Monday 11 July 2016

Excretory System and Mechanism of Excretion in Earthworm, Flatworm, Insects and Amoeba

EXCRETORY SYSTEM OF EARTHWORM

[Photo credit: KDS444. Earthworm_head.svg from wikipedia commons. License: CC-BY-SA 3.0]

An earthworm has a segmented body. Each segment of the body except the first three and the last segment has a pair of tubes called nephridia. The nephridia are the excretory organs of the earthworm.
Each nephridium has a ciliated funnel, the nephrostome at one end, which opens to the outside through a small pore called nephridiophore. This opens into the body cavity of the segment in the front. The nephrostome leads into a long coiled tube made up of:

  • a narrow ciliated tube,
  • a middle ciliated tube,
  • a wide non-ciliated tube, and
  • a muscular tube which opens to the exterior via an excretory pore. The nephridium thus opens at both ends.
Mechanism of Excretion in Earthworm
Each nephridium is surrounded by a capillary network. The waste products, mainly urea, are extracted from the blood capillaries surrounding the nephridia. Waste products are also removed from the fluid into the body cavity and passed into the funnel.

Fluid containing waste products moves through the long tubes of the nephridia. Along the way, salts and other substances that are useful to the body are reabsorbed through the walls of the tubes. 

The unabsorbed substances, including water, collect in the muscular tubes as urine. The excretory pore relaxes to allow the urine to escape to the exterior. Earthworm gets rid of carbon dioxide during gaseous exchange through the moist body surface or skin.

The earthworm cannot survive in a dry environment. With limits, it can tolerate dry conditions and conserve water by producing very little urine which is hypertonic.


EXCRETORY SYSTEM OF FLATWORM

Flatworm may be free-living or parasitic, and aquatic or terrestrial. Parasitic worms live inside their host's bodies in a fluid environment.

The excretory organs of the flatworms, especially free-living planarians, are the flame cells. In these animals, there are two longitudinal excretory canals with a number of openings to the exterior on the surface. The canals consist of numerous branched tubules. The fine end of the tubules end in a specially hollow structures called flame cells.

In a flame cell, the nucleus is displaced to one side of the cell and the cytoplasm has a large hollow called the cell lumen. The lumen is continuous with the fine tubules. A bunch of flagella hangs down the lumen.

Mechanism of Excretion in Flatworm
The waste products, especially water, ammonia and carbon dioxide diffuse from the surrounding cells into the flame cells. With the aid of flagella, the fluid containing the waste products is propelled into the tubules. From there, the fluid passes into the exterior.


EXCRETORY SYSTEM OF INSECTS

The organs responsible for excretion in insects are the malphigian tubules. These are outgrowth from the exterior portion of the small intestine. They are fine, long and slender. 
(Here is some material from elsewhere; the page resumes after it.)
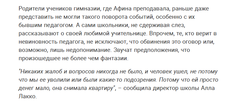 Первый учебный год девушки... Мечта её жизни, по всей видимости, учителем реально идут те, кому это нравится, работа нихуя не благодарная. И новый год она будет отмечать в сизо... Если бы я мог, я бы уничтожил всех виновных, всю систему, что перед Афиной извинились все шлюхи мамашки, которые на неё пожаловались. Заметьте, от них никаких пруфов не было, все каналы на всю страну написали "ПЕДОФИЛКА" и прикрепили её имя, фамилию и личные фото. Человеку жизнь нахуя ломать-то? Это кому она дорогу перешла?

Insects have the remarkable ability to conserve water so that they can be found in the hottest and driest places on earth. Their ability to conserve water can be attributed to several factors:
  • their outer surface is waterproof because of a layer of wax;
  • the spiracles prevent water loss from the gaseous exchange surface which is inside the body; and
  • they have an extremely efficient excretory system.


The malphigian tubules are found floating between glands and organs in most parts of the thorax and abdomen. The malphigian tubules are found in six groups, each consisting of up to twelve tubules. A malphigian tubule consists of two parts - the distal (free) end and the proximal end (the portion next to the gut).

Mechanism of Excretion in Insects
Nitrogenous waste products and water which are liberated into the haemocoel are absorbed at the distal end of the malphigian tubules. The nitrogenous wastes are converted to uric acid as they pass along the malphigian tubules towards the gut. 

A lot of water is also reabsorbed so that by the time the uric acid reaches the proximal end of the tubules, it is changed to solid crystals. In the hind gut, more water is reabsorbed by the rectal gland. Thus, the urine which eventually leaves the body is very concentrated, almost a dry solid. 


EXCRETORY SYSTEM OF AMOEBA

 Contractile vacuoles are the excretory organs of Amoeba. Water constantly enters the amoebic cell through its selective permeable membrane by osmosis. The excess water collects in a contractile vacuole which is a small sac, lined with a membrane. 

The contractile vacuole expands as it is filled with water and then empties its content to the exterior. Thus, the vacuole acts as a kind of water pump for getting rid of excess water. This water has almost no salt in it.

Mechanism of Excretion in Amoeba
Excretory products like ammonia and carbon dioxide, leave the Amoeba by diffusion across the selectively permeable cell membrane to the exterior. This is an adequate mechanism for excretion of metabolic wastes since the surface area to volume ratio of the Amoeba is large.